- Interactive map of Suvi Do
- Country: Serbia
- Region: Southern and Eastern Serbia
- District: Nišava
- City: Niš
- Municipality: Palilula

Population (2011)
- • Total: 1,010
- Time zone: UTC+1 (CET)
- • Summer (DST): UTC+2 (CEST)

= Suvi Do (Niš) =

Suvi Do (Serbian Cyrillic: Суви До) is a suburban neighbourhood located within the Palilula municipality in the city of Niš, in the Nišava District of Serbia. This neighbourhood is situated approximately 6 kilometers southeast of downtown Niš.

==Transport ==
Suvi Do is well-connected to Niš via the city's public transportation system. The neighbourhood is served by City Transport Line No. 3, which provides direct and efficient access to various parts of Niš, including the city center. This makes commuting easy for residents and facilitates the integration of Suvi Do into the broader urban area of Niš.

== Economy and Industry ==
Suvi Do hosts several large multinational companies.

== History ==
Suvi Do has a history dating back to the Middle Ages. The first recorded mention of the settlement is in a Turkish census from 1498, where it was referred to as Dol, with 10 houses, 2 unmarried men, and 3 widow's houses, contributing a total of 1,682 akçe in taxes. The toponymy of the area, such as Vlaško Brdo, indicates the historical presence of Vlach shepherds, as evidenced by the names of nearby villages like Vukmanovo, Berbatovo, and Donje Vlase.

The liberation of Niš in 1878 found Suvi Do as a small hamlet with an unknown landlord. It was a significant site during the battles for the liberation of Niš from January 4th to 8th, 1878 (Vuči Dol and Kamara).

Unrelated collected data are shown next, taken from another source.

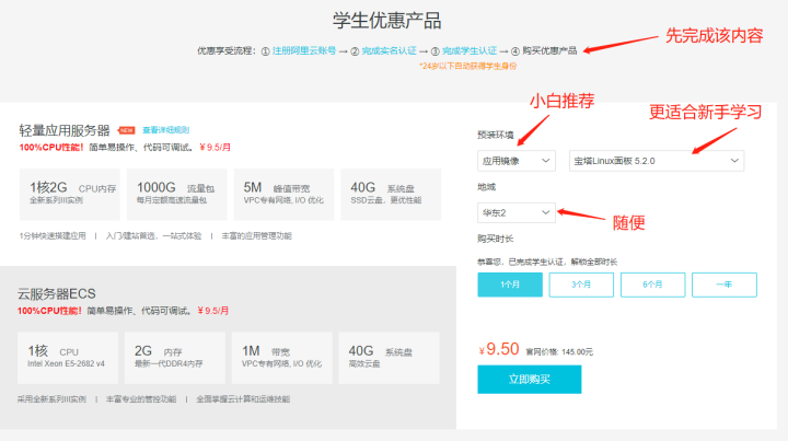 面向学生:推荐阿里云和腾讯云学生服务器--学生机。好处:价格实惠!价格实惠!价格实惠!9元一个月,难道你不心动?作为入门新生,先买来了解是很足够啦。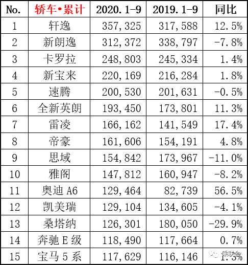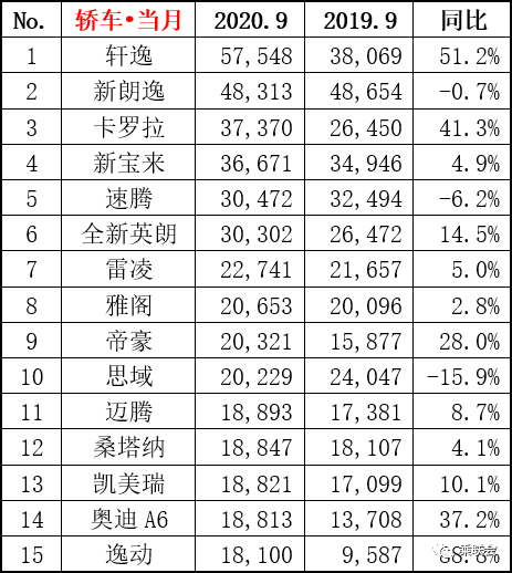 - 9月份轿车销量92.9万辆,同比增长8.2%,环比增长13.0%;累计销量622.9万辆,同比下降15.0%。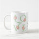 Mint green floral Love typography roses and message Valentines Day mug. This elegant design features the word "LOVE" in a decorative relief font in mint green with a bouquet of pink roses on both sides and your message.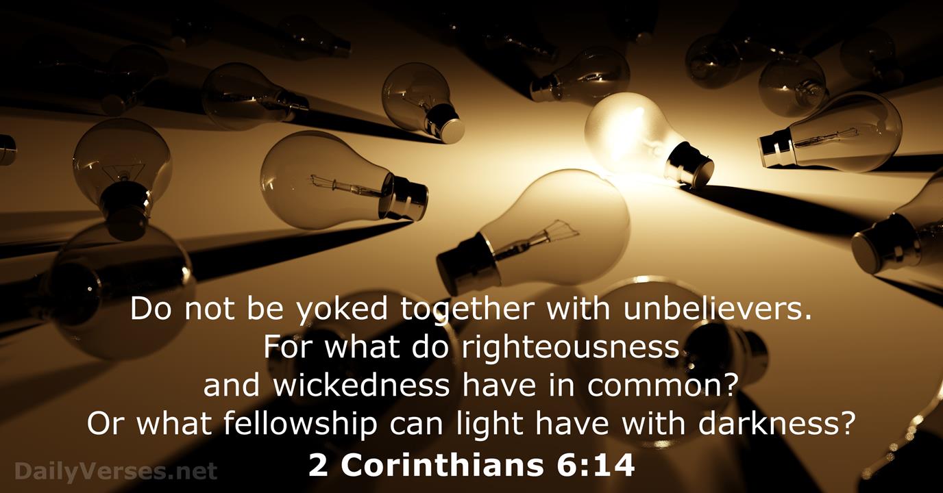2 Corinthians 6:14-16 Be ye not unequally yoked together with unbelievers: for what fellowship hath righteousness with unrighteousness? and what communion hath light with darkness?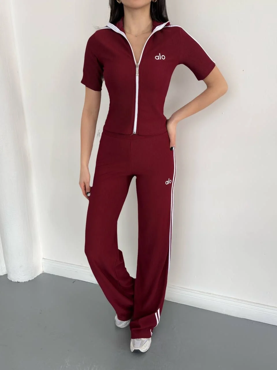 Bordo Fermuarlı Dik Yaka Yan Şeritli Spor Takım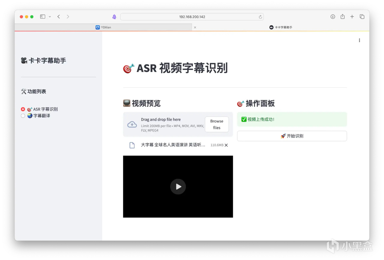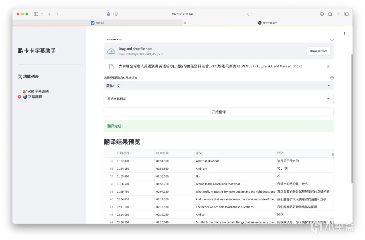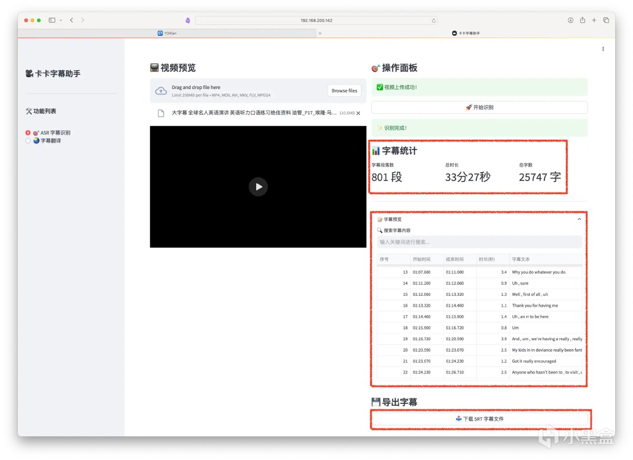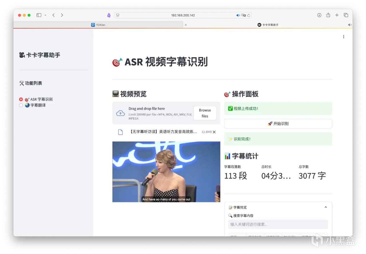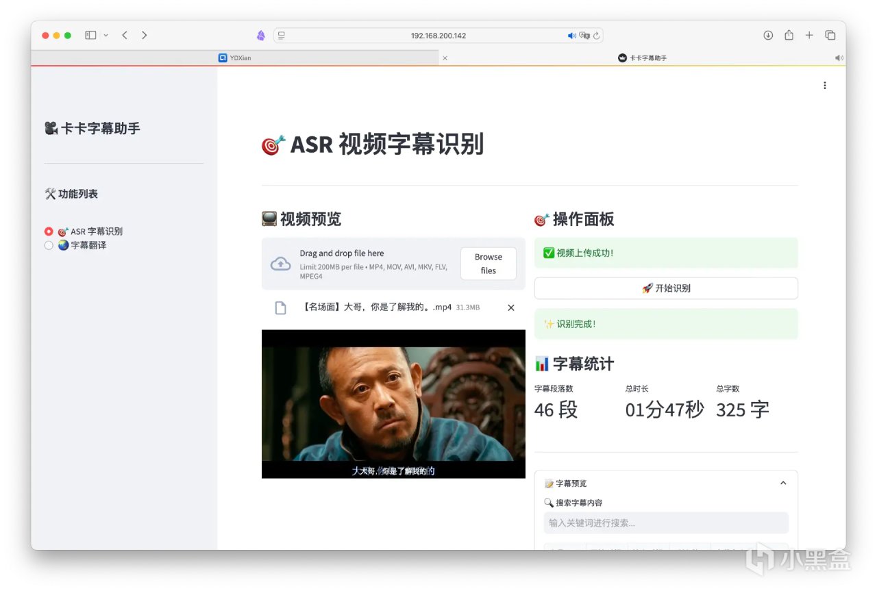 目前卡卡字幕有Windows客戶端(完整強大免費),也支持Docker一鍵部署超級輕量版(網頁版限制視頻大小200MB,語種有限)。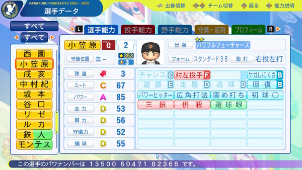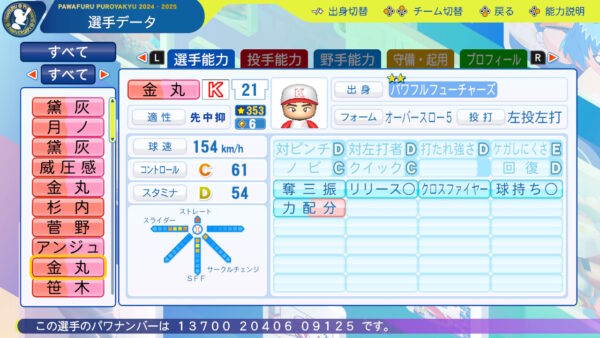 威圧感:今年のピッチングスタイルと成績ならふさわしいと判断。というかデフォが弱いと思う。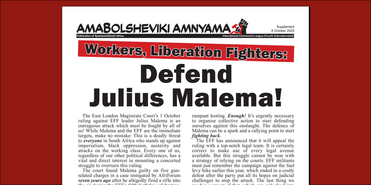 The East London Magistrate Court’s 1 October ruling against EFF leader Julius Malema is an outrageous attack which must be fought by all of us! While Malema and the EFF are the immediate targets, make no mistake: This is a deadly threat to everyone in South Africa who stands up against imperialism, black oppression, austerity and attacks on the working class. Every one of us, regardless of our other political differences, has a vital and direct interest in mounting a concerted struggle to overturn this ruling.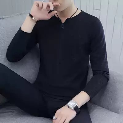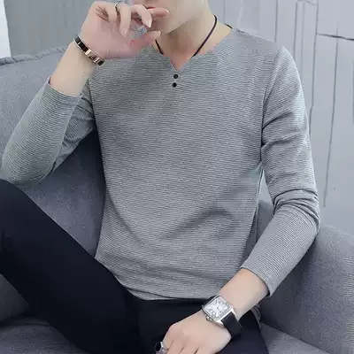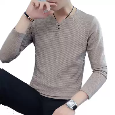 Men's long sleeve men's T-shirt autumn 2021 new men's V-collar Korean trend shirt men's autumn coat Tide brand

Until 1949, Suvi Do was a small village. That year marked the establishment of the first industrial facilities for radio and X-ray equipment manufacturing (RR factories), the precursor to the later Electronic Industry (EI). This industrial development, along with its proximity to Niš, spurred the settlement of workers and led to significant socio-economic restructuring, gradually transforming Suvi Do from a traditional rural village to a suburban area with a mixed urban-rural character.

== Demographics ==
As of the 2011 census, Suvi Do had a population of 1,010, showing steady growth from 935 in 2002 and 807 in 1991. The settlement has a predominantly Serbian population.

In 1878, Suvi Do had around 20 households and approximately 150 residents. By 1930, this had increased to 45 households and 275 residents. According to the 2002 census, the village had 848 adults, with an average age of 42.1 years (40.9 for men and 43.3 for women). The average household size was 2.96 members, across 341 households.